P.S. — I built 3 skill files that automate the verification side of this — spec before code, checkpoint before changes, structured review after. They won't fix your architecture, but they catch the problems that slip through even in clean codebases.
Top comments (7)
Yes, if you write clear code and have a good and simple architecture, then AI tools don't have a problem working with it - but if your code is a mess, chances are that AI makes an even bigger mess of it - piggy see, piggy do! ;-)
Ha, "piggy see, piggy do" is the perfect summary. I've actually started using AI output quality as a signal for code health — if the AI keeps generating confused or contradictory code in a module, that's usually telling me the module itself needs refactoring before anything else.
Exactly - you give it a good quality codebase, it will tend to generate good stuff - you give it a piece of crap, it will faithfully mimic just that - remember: AI has no "initiative" or "own will" - and that's a good thing I would say! (if it starts getting a will of it own then we might all be doomed ...)

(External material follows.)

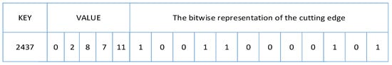 It represents the value converted from binary to decimal by each edge. If the tangent point is generated on an edge, the corresponding position of the edge is 1; otherwise, it is 0. In the above formula, is an array composed of edge numbers. Those arrays indicate the order of topological connection between edges, and n is the number of data. For example, assuming that the number of tangent points after cutting is 5, and the tangent points are located on the five edges numbered 0, 2, 7, 8, and 11, the value of this type of circumstance is shown in Figure 6. Because the hexahedron has 12 edges, it corresponds to 12 bits, the bottom right square represents the edge numbered 0, the left square represents the edge numbered 11, and the location of the occurrence of corresponding cutting edges is 1. Subsequently, a decimal value of 2437 is obtained, which is in accordance with the topology constituting the three triangles, i.e., 0-2-8, 2-8-7, 2-8-7.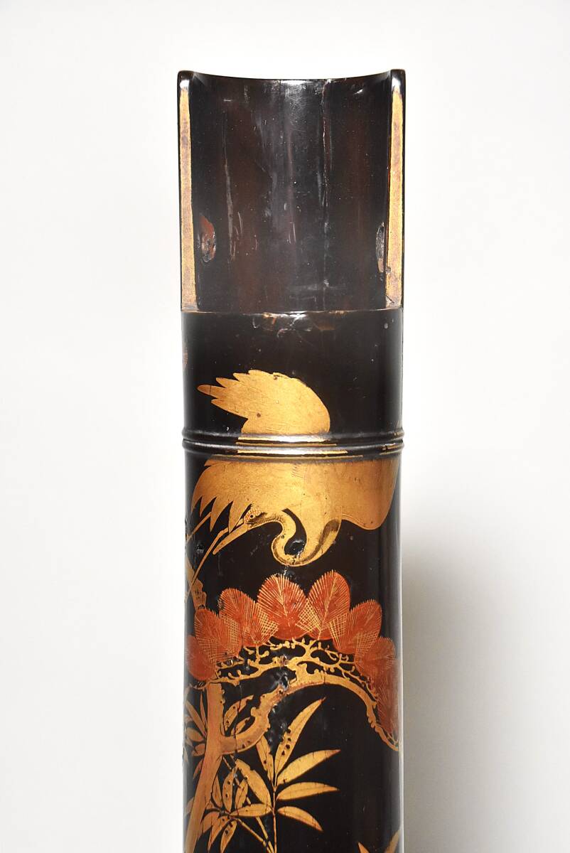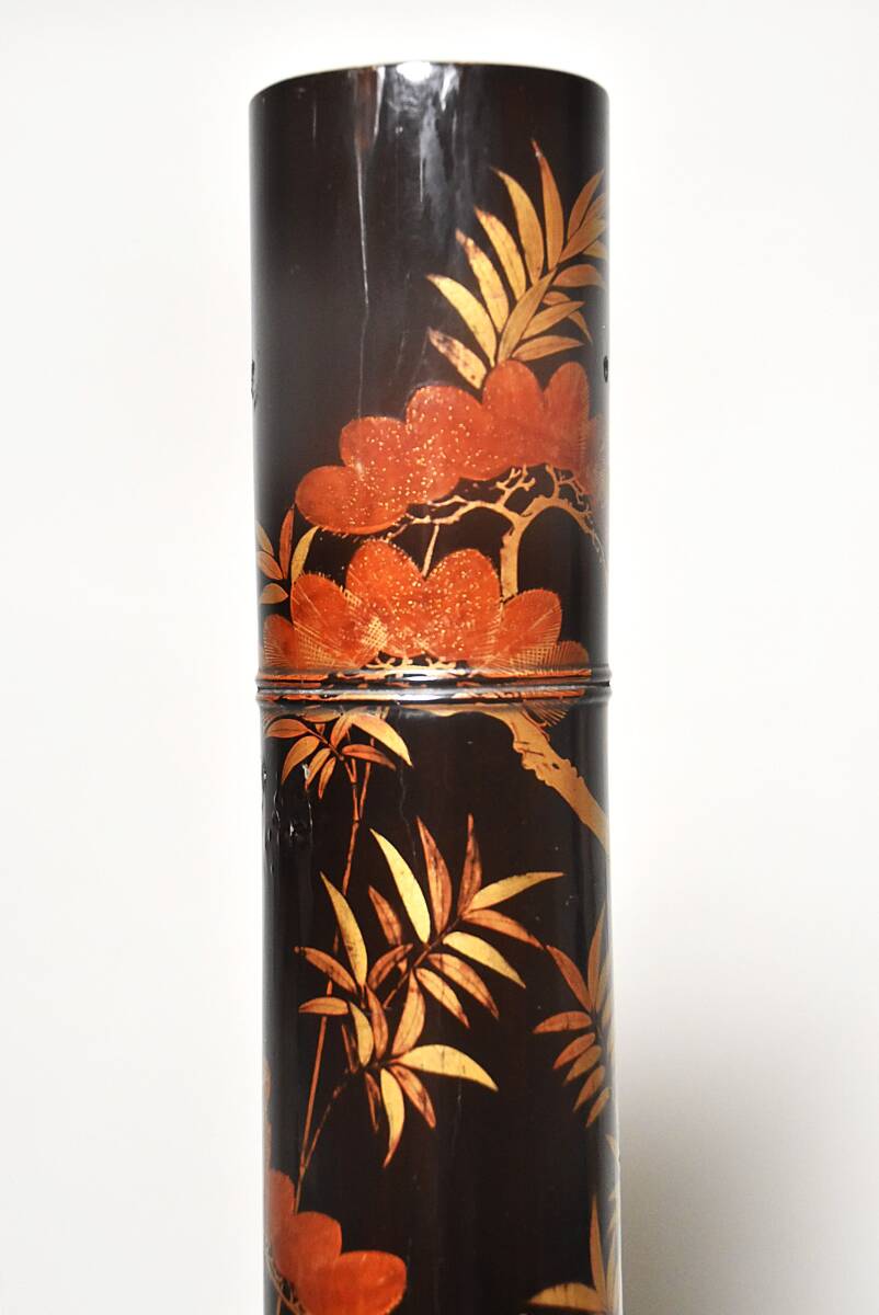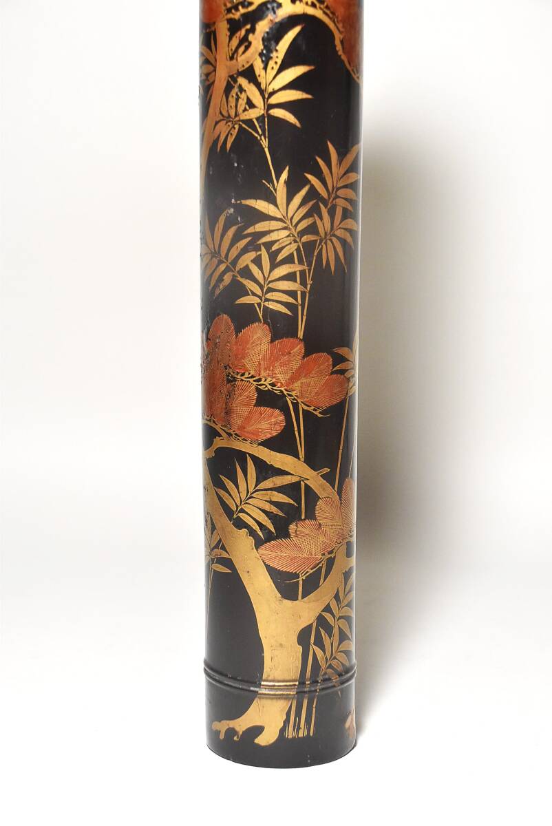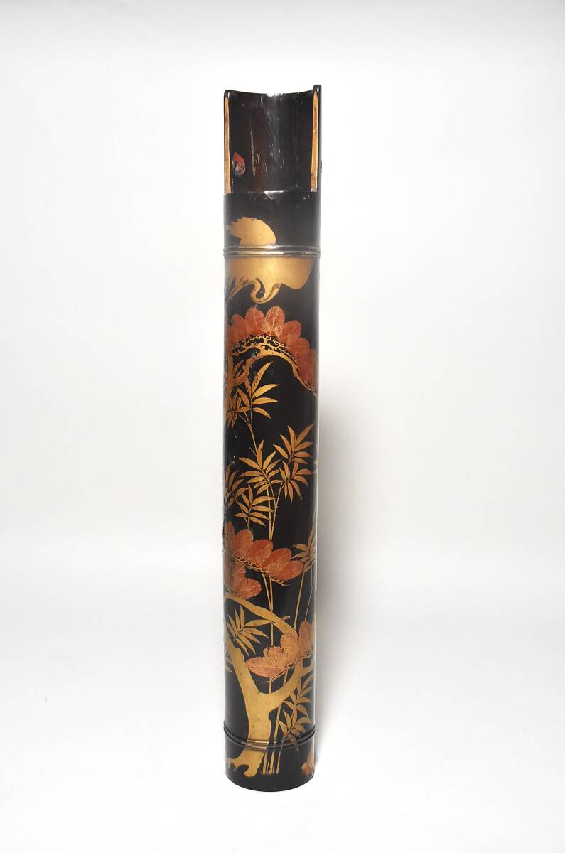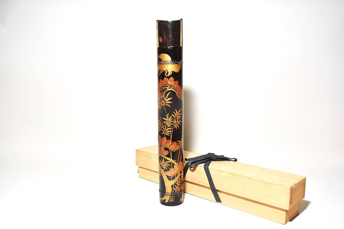 「時代蒔絵筒花器(江戸時代)」です。 江戸中期と思われる丁寧な吉祥文蒔絵の花筒(水筒)で 初見の品で、珍しい物と思います。 漆地は竹の様に見えますが木地でしょう。 中に特注の錫製と思われる落とし筒が収まり 今も花器としてご活用いただけます。 時代なりのヤツレは見られますが 実用、保存、鑑賞に耐える状態です。 どうか、よろしくお願いいたします。

"You give it a piece of crap, it will tend to generate good stuff" — wait, that's an interesting edge case I hadn't considered. You're saying AI sometimes "corrects upward" from bad code? I've seen the opposite more often — it mimics the existing patterns — but maybe there's a threshold where the code is so clearly wrong that the model defaults to its training distribution instead. That would actually be a useful signal: if AI ignores your codebase patterns, maybe your patterns are the problem. Worth investigating.
Haha no, I think you were somehow misreading what I said - I was saying the opposite :-)
Give it a good example -> it tends to give you good results
Give it a bad example -> it tends to give you bad results
Thanks for sharing this article — I found myself nodding along with nearly every point you made. I completely agree with your thinking.
In highly cohesive systems where business logic and workflows are tightly coupled and complex, AI really does struggle to be a comprehensive developer. It’s great at generating isolated code when the contract is clear, but it can’t yet reason about the why behind architectural boundaries or decompose a system into meaningful tasks on its own. A human architect still needs to break down the problem, define clear interfaces, and assign responsibilities — then AI can assist within those defined slices.
Looking forward to more of your insights and writing on this topic!
You nailed the core issue — AI can generate code when the contract is clear, but it can't decompose. That decomposition step is where most of the real engineering lives, and it's the part that's hardest to hand off. I've been experimenting with writing very explicit "decision records" for each module boundary, almost like API docs but for why the boundary exists. It helps AI stay in its lane, and honestly it helps the team too.